Above all, the museum does a fine job of conveying the history of the beleaguered Parthenon, which, over the course of its long life, has been a temple to Athena, a church, a mosque and one of the world’s biggest pieces of tourist bait. (It’s even been a backdrop to one supremely cheesy,  lite music pianist.) Inside the penthouse gallery, a digital recreation recounts this storied life, showing early Christians on scaffolding hacking away at the heads of ‘heathen’ gods with sledgehammers. There are also explosions, implosions, and the construction of a mosque and minaret within the hilltop ruins. (Talk about adaptive re-use!). But the greatest venom is saved for the nasty Lord Elgin, who is described as having “violently removed” the friezes.

The Bernard Tschumi-designed museum has evaporated, with a gazillion-dollar gesture, all of the rationalization by the Brits about why London, not Athens, is the right place for the friezes. The splendid new palace to art has climate control to shield the contents from Athens’ famous smog, as well as state-of-the-art everything. It’s got context in the nearby placement of the many centuries-worth of Greek art that culminated in the Age of Pericles, and most of all it’s got LOCATION, LOCATION, LOCATION.  Not to overlook the fact that the friezes were the victims of a cultural rape; it’s nice to reverse such situations.  And to those who cry, “Scary precedent!” we say that we don’t think St. Mark’s Basilica will have to return the four bronze horses to Constantinople anytime soon.  Let’s take it case by case, shall we?
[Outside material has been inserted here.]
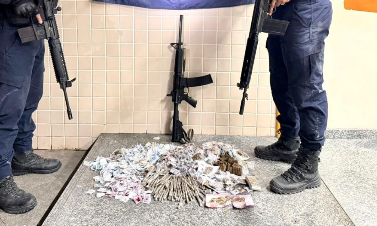 Nas proximidades do local da abordagem, os policiais encontraram uma mochila contendo uma quantidade significativa de drogas ainda em estágio de contagem, além do fuzil com uma numeração ilegível, o que impossibilita determinar sua origem. Também foi apreendido um radiotransmissor, equipamento usado para comunicação entre criminosos.
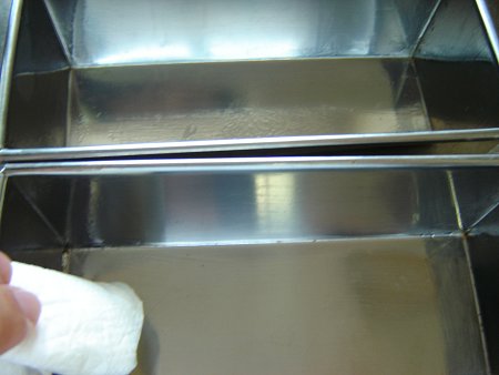 ⑩この作業を2回繰り返して、容器には全分量の味噌が入りました。上面をシャモジで平らにならして、空気が入らないようにラップで覆います。このとき、容器上部に付着した味噌はアルコールをつけたティッシュでよくふき取っておきます。でないと、後日、容器の内側がカビだらけになってしまいます。

Unfortunately, we were limited on the picture taking. (Photography was prohibited indoors – not that it entirely stopped us.) But, here’s a small taste on what was the ancient – and will hopefully be the future – home of the Parthenon marbles. In these galleries, the spirit of Melina Mercouri, the “hostess” with a heart o’ gold in Never on Sunday,  lives on.  As Greek Minster of Culture in the ’80s and early ’90s, she fought for the return of those rocks until the day she died.